Known groups validity was assessed by comparing PROMIS Fatigue SF-6a T-score at months 3 and 6 between the following subgroups: dysmenorrhea and NMPP responders versus non-responders; and PGIC (improved; no change; worsened). Responder status (responder or non-responder) for dysmenorrhea and NMPP was from the Endometriosis Daily Pain Impact diary score as noted in the clinical study [ 17 ]. General linear models (Proc GLM) were used to calculate F statistics and p -values; for multiple group pairwise comparisons Scheffe’s test was used to adjust for the multiple comparisons.
The PROMIS Fatigue SF-6a was explored using a triangulation approach comprising anchor-based analyses, difference between means analyses, and use of clinically relevant indicators to test the instrument’s ability to detect change during the clinical study. Responsiveness is the ability of a measure to detect change when change is present [ 28 ].
In anchor-based analyses, the least-squares (LS)-mean change from baseline in PROMIS Fatigue SF-6a T-score at months 3 and 6 were compared for the following subgroups: PGIC (improved, no change, worsened) and EHP-30 pain domain responders (≥30-point decrease in EHP-30 pain domain score from baseline) versus non-responders. General linear models controlling for age and baseline PROMIS Fatigue score were used to calculate F statistics and p -values using Scheffe’s test to adjustment for multiple comparisons.
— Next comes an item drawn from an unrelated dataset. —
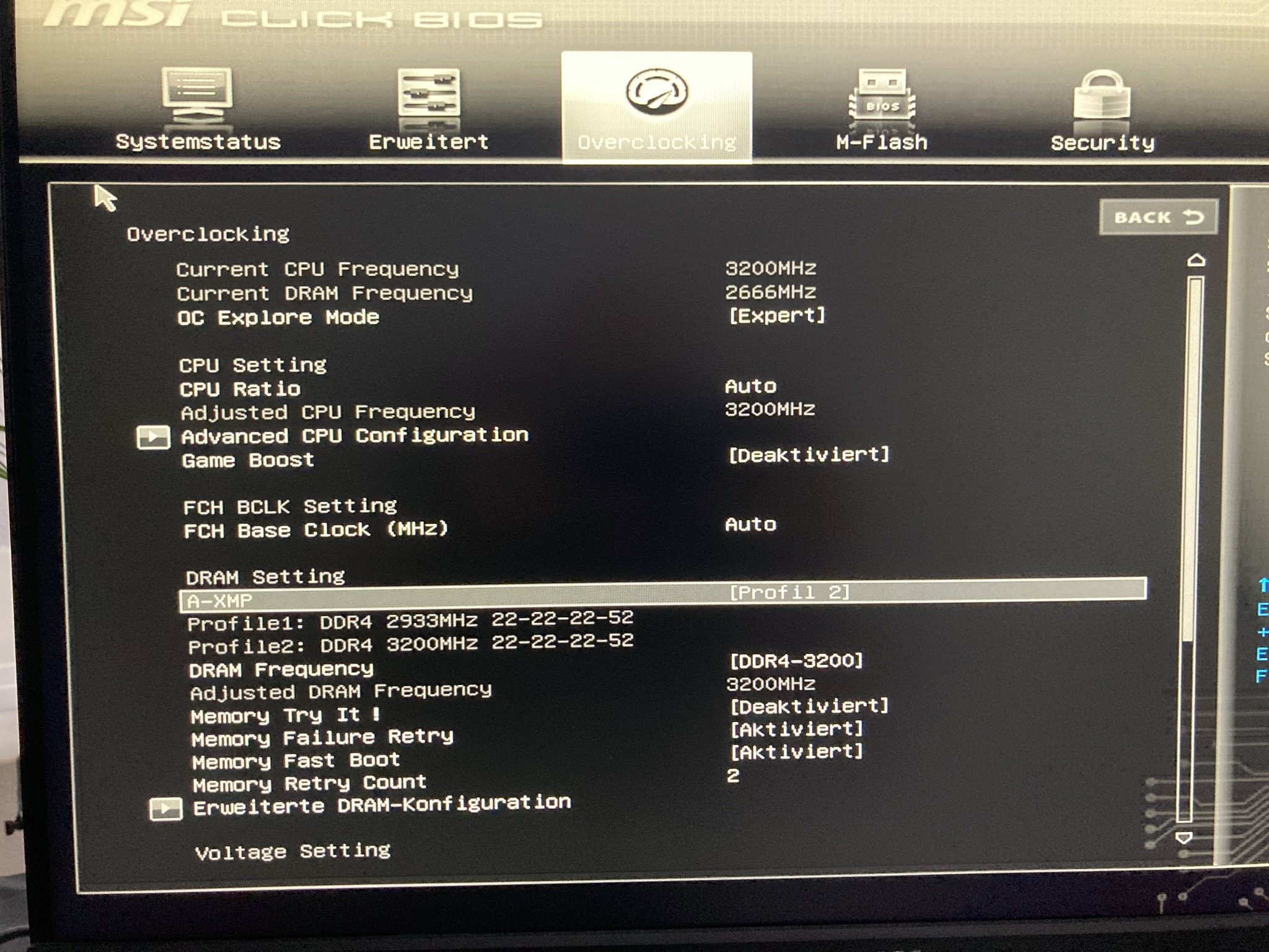 Ich habe ganz sicher die Änderungen gespeichert und ebensfalls die Cmos Batterie gewechelt. Profil 1 habe ich auch schon versucht. Er geht immer wieder zurück auf die Standard 2666 Mhz.

In the assessment of standardized difference between two means, effect size (Cohen’s d), was calculated for PROMIS Fatigue SF-6a at months 3 and 6. The analyses do not include direct patient feedback, thus cannot serve as the primary assessment for within-patient clinical meaningfulness, and should be considered only as supportive [ 29 ]. Effect size was calculated by subtracting the baseline score from the post-baseline (month 3 or 6) score and dividing the result by the baseline standard deviation. As described by Cohen [ 27 ], effect sizes were classified as small (0.20), moderate (0.50), or large (0.80). Change from baseline was analyzed by paired t-test.
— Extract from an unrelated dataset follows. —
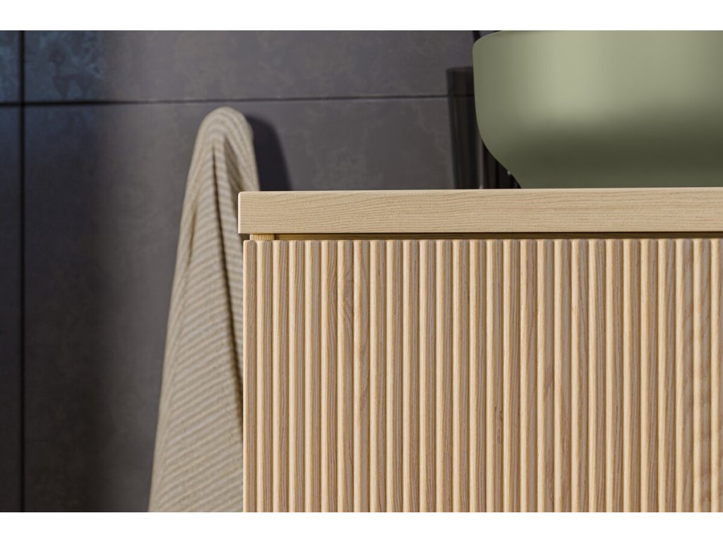 Skříňka nabízí dvě prostorné zásuvky, které poskytují dostatek místa pro uložení koupelnových doplňků a pomáhají udržet koupelnu přehledně uspořádanou. Komfort při každodenním používání zajišťuje systém tichého dovírání zásuvek, který zvyšuje pohodlí a chrání nábytek před opotřebením.

Clinically relevant indicators were used to explore the responder threshold, which was defined as the LS-mean change in PROMIS Fatigue SF-6a score from baseline that indicated a meaningful response to treatment. Responder thresholds for PROMIS Fatigue SF-6a T-score at 3 and 6 months were calculated for dysmenorrhea and NMPP responders and non-responders.
Results
This analysis included the 871 participants enrolled in the EM-I trial who received at least one dose of study treatment or placebo (Table 1 ). Mean age was 31.5 years and most were White (87.1%) and not Latino (84.0%). The majority of the women were employed (60.2% full time; 17.0% part-time). For the EHP-30 domains, mean scores at baseline were 58.2 (14.3) for pain, 49.3 (19.3) for emotional well-being, 69.8 (19.5) for control and powerlessness, 54.8 (25.6) for social support, 51.0 (27.6) for self-image, and 64.5 (24.7) for sexual relationships. The mean PROMIS Fatigue T-score at baseline was 63.3 (7.7) (range, 33.4–76.8).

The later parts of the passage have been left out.